> Task input
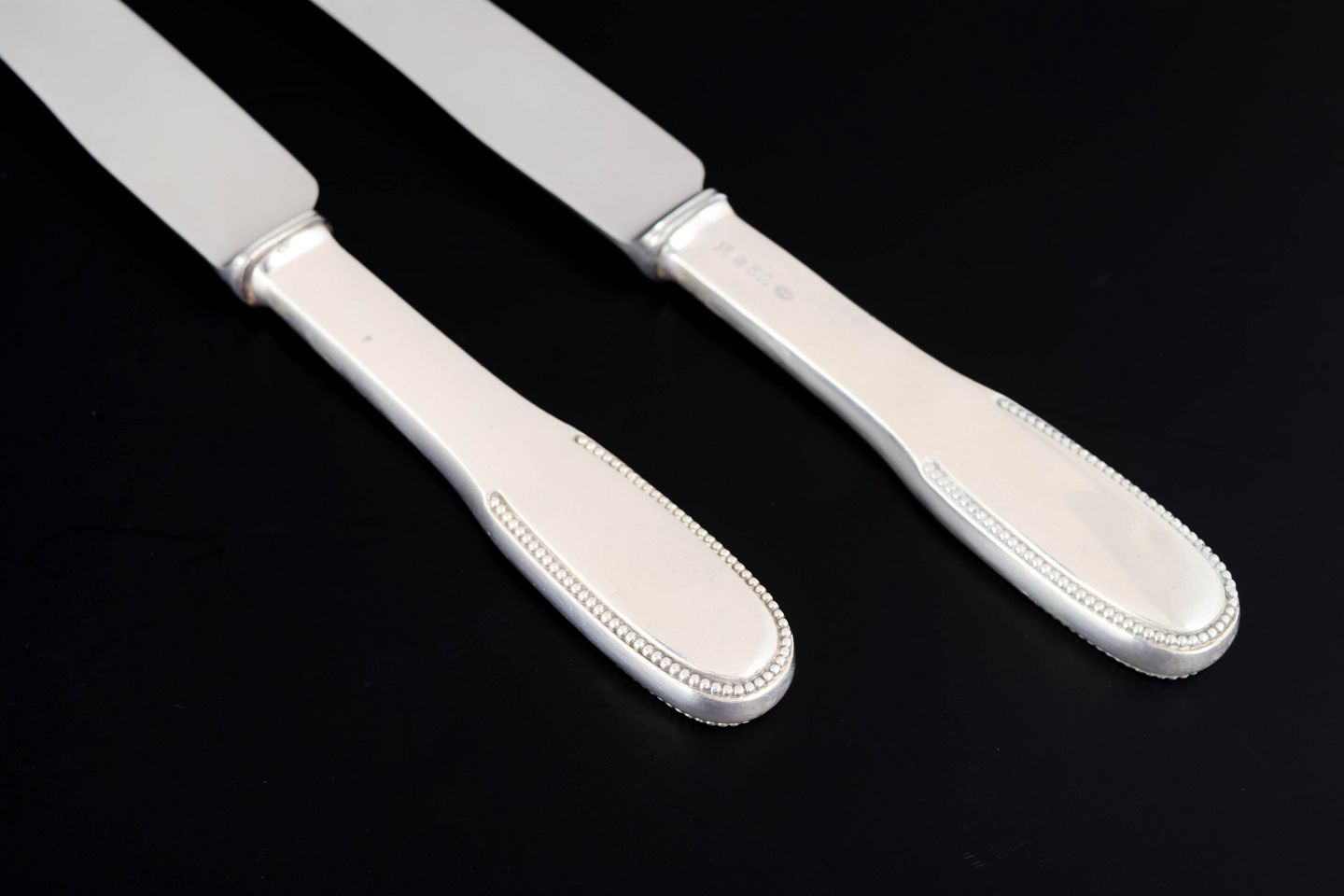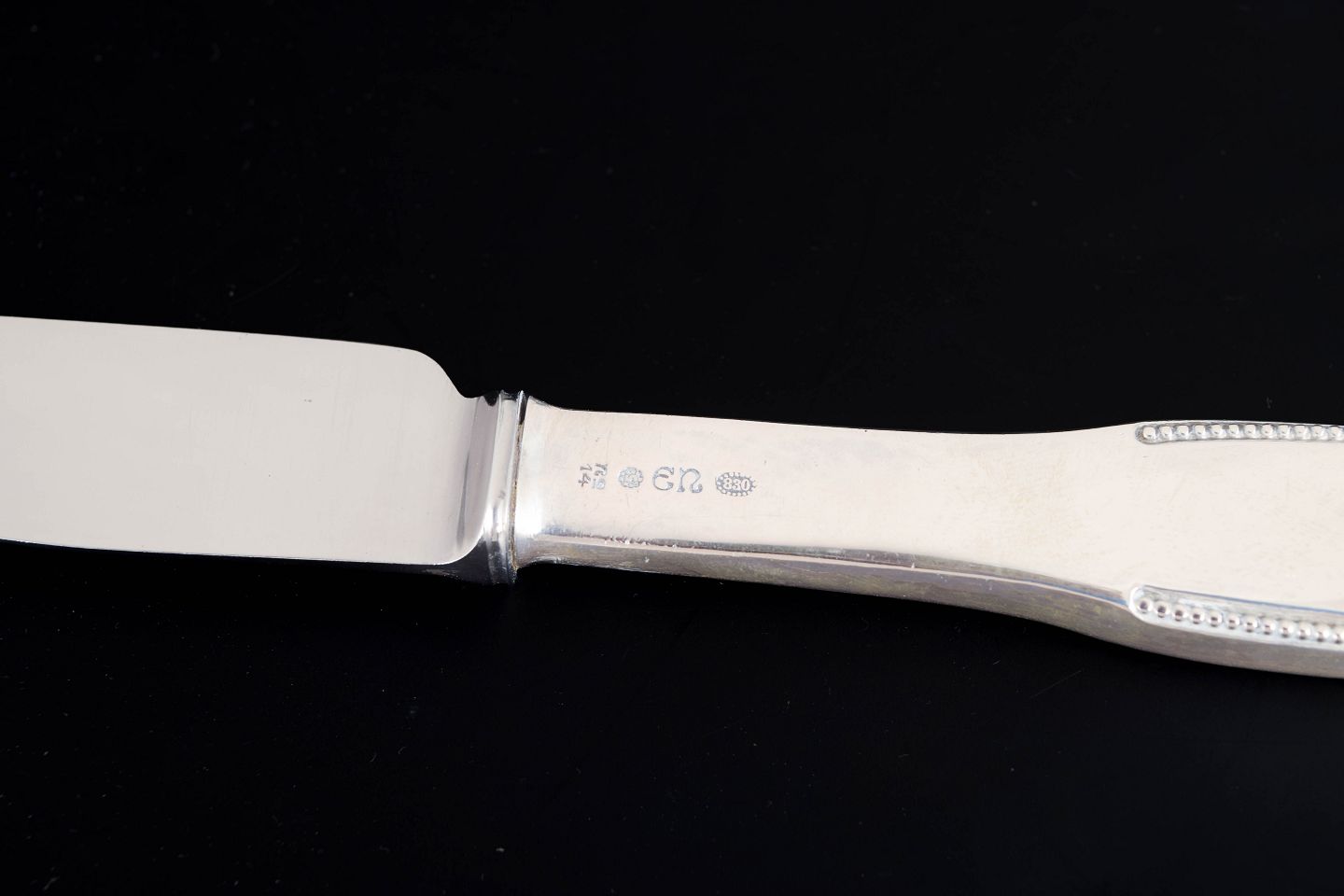 Elegante middagsknive i tretårnet sølv og rustfrit stål. Model nummer 14 med klassisk, let afrundet skaftform med diskret perlekant og glat klinge med skær. Fremstillet hos Evald Nielsen, længde 23,5 cm.
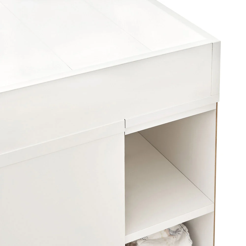 Gerade beim Wickeln zählt jeder Handgriff. Unser Set bietet dir nicht nur eine stabile und sichere Wickelfläche, sondern auch praktischen Stauraum genau dort, wo du ihn brauchst. Das offene Regal nutzt nach Montage des Wickelaufsatzes den Platz hinter der Kommode optimal aus und sorgt dafür, dass Windeln, Feuchttücher, Cremes und Wechselkleidung immer griffbereit sind.
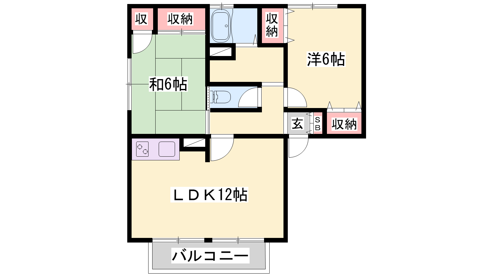 - LDK12帖、洋室6帖、和室6帖
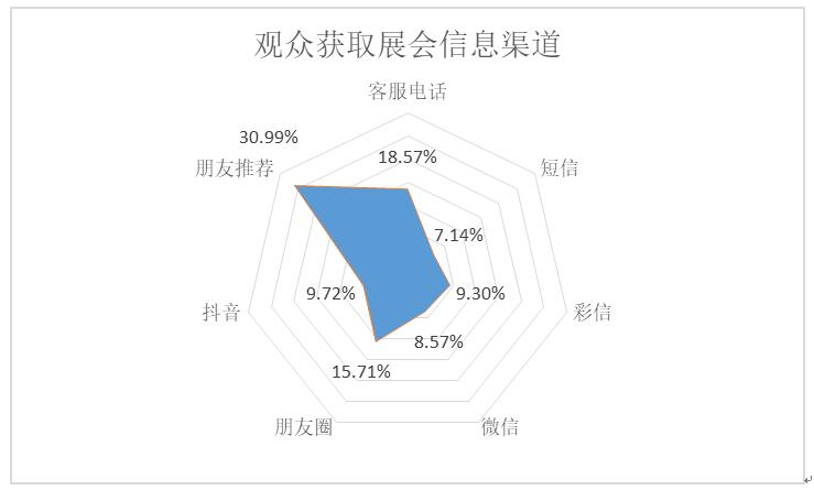 經(jīng)由微信(朋友圈、公眾號、微信群)、同行好友、打電話告知前來參觀的觀眾人數(shù)最多;其次為傳統(tǒng)紙媒、裝備嘉族;抖音、短信、微博、電視、廣播渠道也有效觸及了行業(yè)人士。
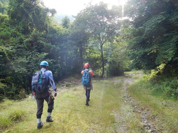 大滝の核心部には残置ロープがあったり、堰堤の高巻き下降にもフィックスロープがあったりと初心者にもやさしい沢です。
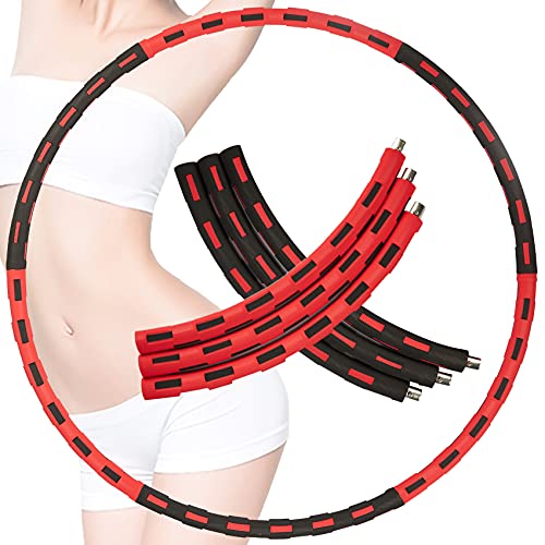 JeoPoom Hula[6 Nudos], Aro de Entrenamiento para Pérdida de Peso, Hula para Fitness, Tubo de Acero Inoxidable de Espuma de Capa, Peso Ajustable, para de Quemar Grasa, Adelgazar,Deportes(Negro+Rojo)
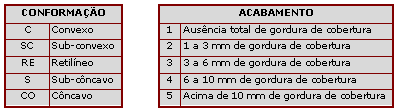 Na avaliação das carcaças, aplicando-se as normas de tipificação preconizada pela Portaria Ministerial no 612 de 05/10/89, aparecem os bovinos dos dois grupos reunidos na conformação retilínea, porém com pequena vantagem dos inteiros, que no período, tiveram um melhor desenvolvimento muscular em relação aos castrados.
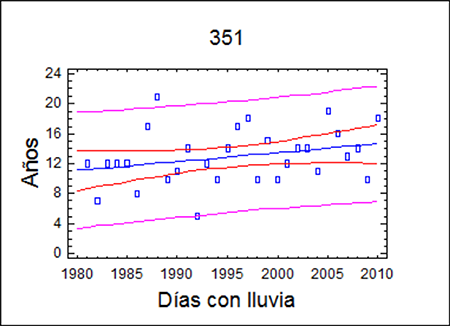 Comportamiento de la tendencia de la cantidad de días con lluvia del período lluvioso
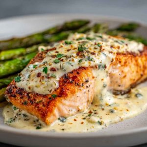 Serve this creamy, herbaceous salmon alongside roasted baby potatoes, garlic sautéed green beans, or a refreshing quinoa salad for a well-rounded plate. For wine, a crisp Sauvignon Blanc cuts through the richness, while an oaked Chardonnay complements the buttery cheese notes beautifully. This dish is versatile enough to serve as an elegant dinner party centerpiece when plated with care or a cozy, comforting family meal. Garnish with fresh herbs and lemon wedges to add a pop of color and brightness.
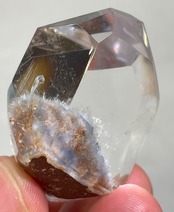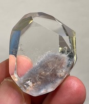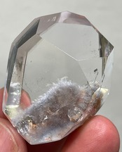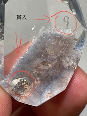 透明度抜群のデュモルチェライトインクォーツに小さな結晶がいくつ貫入した貫入水晶入りデュモルチェライトポイントです。ポリッシュ!
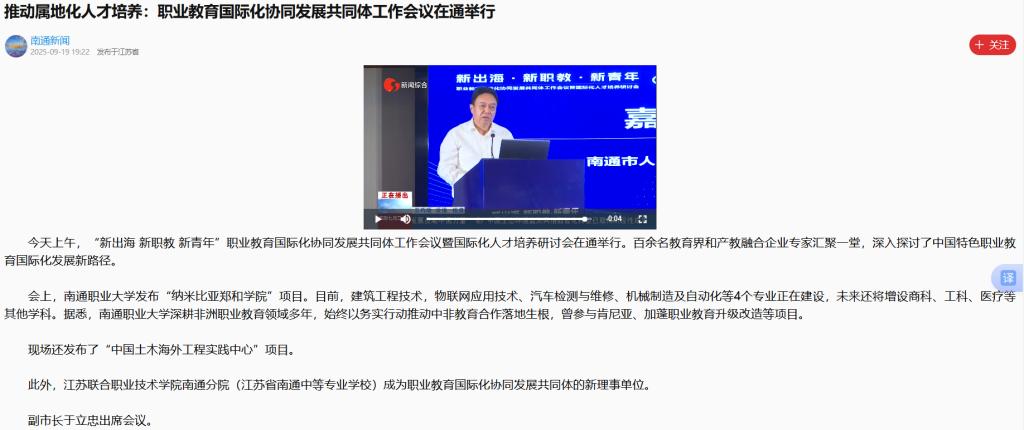 新闻资讯 当前位置: 首页 > 新闻资讯 > 媒体聚焦 > 正文 【南通电视台】推动属地化人才培养:职业教育国际化协同发展共同体工作会议在通举行 浏览量:时间:2025-09-22 来源:南通电视台 原文链接:https://web.ntjoy.com/h5app/a/2509/3ab7d3503b044887b9a70d772e2671cf.html?isshare=1 分享到:
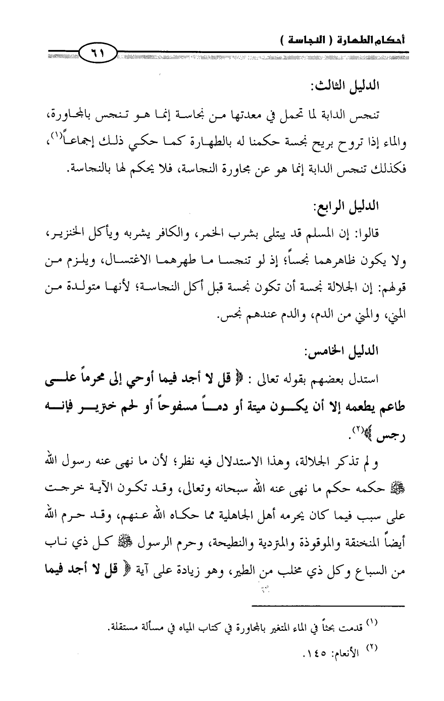 (¬٢) الأنعام: ١٤٥.
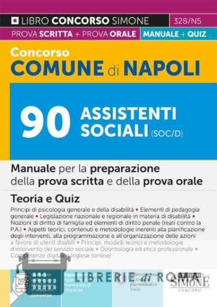 Manuale per la preparazione della prova scritta e della prova orale del Concorso Comune di Napoli 90 Assistenti sociali SOC/D Il manuale Concorso Comune di Napoli - 90 Assistenti sociali (SOC/D) è indirizzato a coloro che devono affrontare la prova scritta e la prova orale previste dal bando di concorso pubblicato nella Gazzetta Ufficiale 9-8-2022, n. 63. La prova scritta consiste in un test, da risolvere in 60 minuti, composto da 40 quesiti a risposta multipla, mentre la prova orale verte, oltre che sull'accertamento della conoscenza delle discipline oggetto della prova scritta, anche sulla verifica della padronanza della lingua inglese. Il libro, in aderenza al bando, tratta le seguenti materie caratterizzanti il profilo, vale a dire: Principi di psicologia generale e della disabilità; Elementi di pedagogia generale; Legislazione nazionale e regionale in materia di disabilità; Nozioni di diritto di famiglia ed elementi di diritto penale (reati contro la P.A.); Aspetti teorici, contenuti e metodologie inerenti alla pianificazione degli interventi, alla programmazione e all'organizzazione delle azioni a favore di utenti disabili; Principi, modelli teorici e metodologie d'intervento del servizio sociale; Deontologia ed etica professionale; Competenze digitali (online); Inglese (per la prova orale; online). Per le altre discipline, già oggetto della prova preselettiva e che si presume, dunque, siano state già studiate (Diritto costituzionale, Diritto amministrativo e Diritto degli enti locali), il testo non include la trattazione teorica (contenuta nel manuale concorso cod. 328/N) ma, grazie ai quiz a risposta multipla contenuti nel software, e possibile ripassare i concetti fondamentali di ciascuna disciplina e verificare il livello di preparazione acquisito. Il manuale e corredato, inoltre, da numerose risorse online: espansioni di approfondimento e normativa d'interesse; un software con quiz a risposta multipla su tutte le materie oggetto della prova scritta, per esercitarsi con infinite simulazioni.
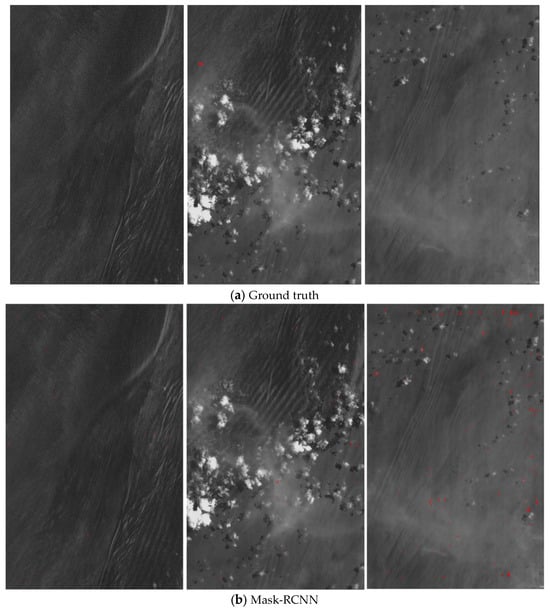 Figure 8a shows the ground truth of these three views of PAN images; these images are observed by GaoFen-3 with a resolution of 0.75 m, and only one ship target lies in the middle-column image. Figure 8b shows the detection result from conventional Mask-R-CNN, which generally has the least satisfying result of the comparative detection backbone networks, with 23 detection results in the first image, 33 detection results in the second image and 171 detection results in the third image; although the true ship target is detected, a total of 225 false-alarm targets are also incorrectly detected and the mFAR is about 24%. Figure 8d shows the detection result of conventional YOLOv8, which has the best satisfactory result of the detection backbone networks on average, with 19 detection results in first image, 21 detection results in the second image and 29 detection results in the third image. Similarly, the true ship target is detected, total 68 false-alarm targets are also incorrectly detected and the mFAR is about 7.3%. Figure 8c,e show the detection results of the same structure with the Mask-R-CNN and YOLOv8 networks, respectively; using our method, all the networks can achieve 100% precision and 0% mFAR in these PAN images, which verifies the efficiency and applicability of the proposed method.
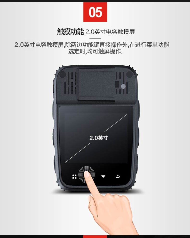 v 觸摸功能,2.0寸電容觸摸屏,除兩邊功能鍵直接操作外,在進行菜單功能選定時,均可觸屏操作;
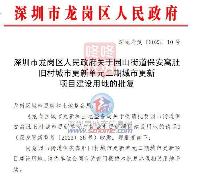 3月2日,深圳市龙岗区城市更新和土地整备局发布园山街道保安窝肚旧村城市更新单元二期城市更新项目建设用地批复的公告。
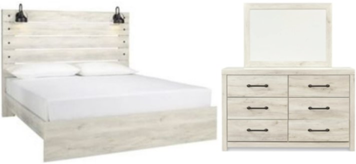 Includes king panel bed (headboard, footboard and rails) and 6-drawer dresser
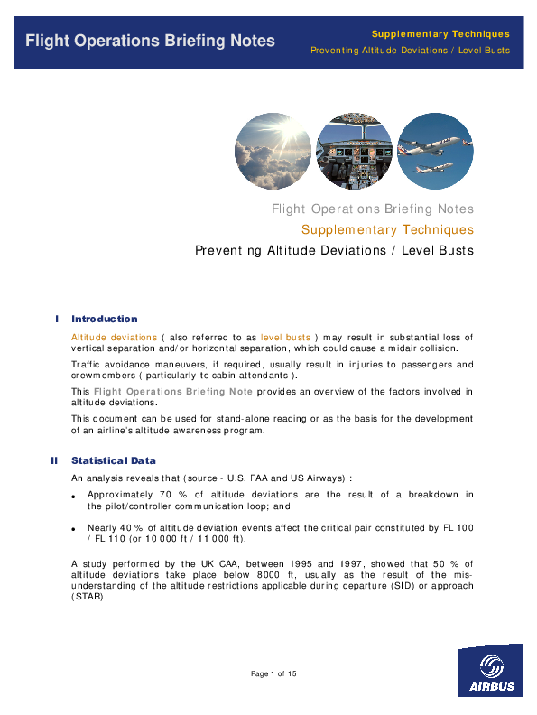 Airbus FOBN - Supplementary Techniques - Preventing Altitude Deviations / Level Busts
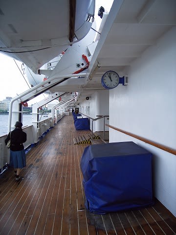 この自販機は価格がLED表示なのですぐに変更できるんでしょうけど、そうではない固定表示の自販機も結構ありました。外洋に出ても同じ価格なんでしょうか??? プロムナード。ウッドデッキです。
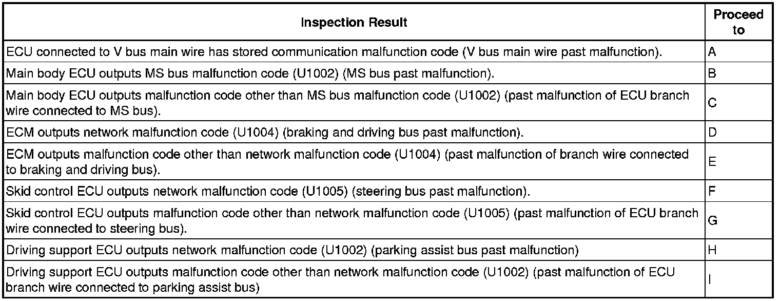 * For V bus main wire malfunctions, related ECUs are also detected. Therefore, determine the malfunctioning area based on all of the DTCs that are output.

> Problem statement
For the data above, set down exactly the lines from the line with "大滝の核心部には残置ロープが" to the line with "Comportamiento de la", both included, leaving pictures out.

> Your solution
 大滝の核心部には残置ロープがあったり、堰堤の高巻き下降にもフィックスロープがあったりと初心者にもやさしい沢です。
 JeoPoom Hula[6 Nudos], Aro de Entrenamiento para Pérdida de Peso, Hula para Fitness, Tubo de Acero Inoxidable de Espuma de Capa, Peso Ajustable, para de Quemar Grasa, Adelgazar,Deportes(Negro+Rojo)
 Na avaliação das carcaças, aplicando-se as normas de tipificação preconizada pela Portaria Ministerial no 612 de 05/10/89, aparecem os bovinos dos dois grupos reunidos na conformação retilínea, porém com pequena vantagem dos inteiros, que no período, tiveram um melhor desenvolvimento muscular em relação aos castrados.
 Comportamiento de la tendencia de la cantidad de días con lluvia del período lluvioso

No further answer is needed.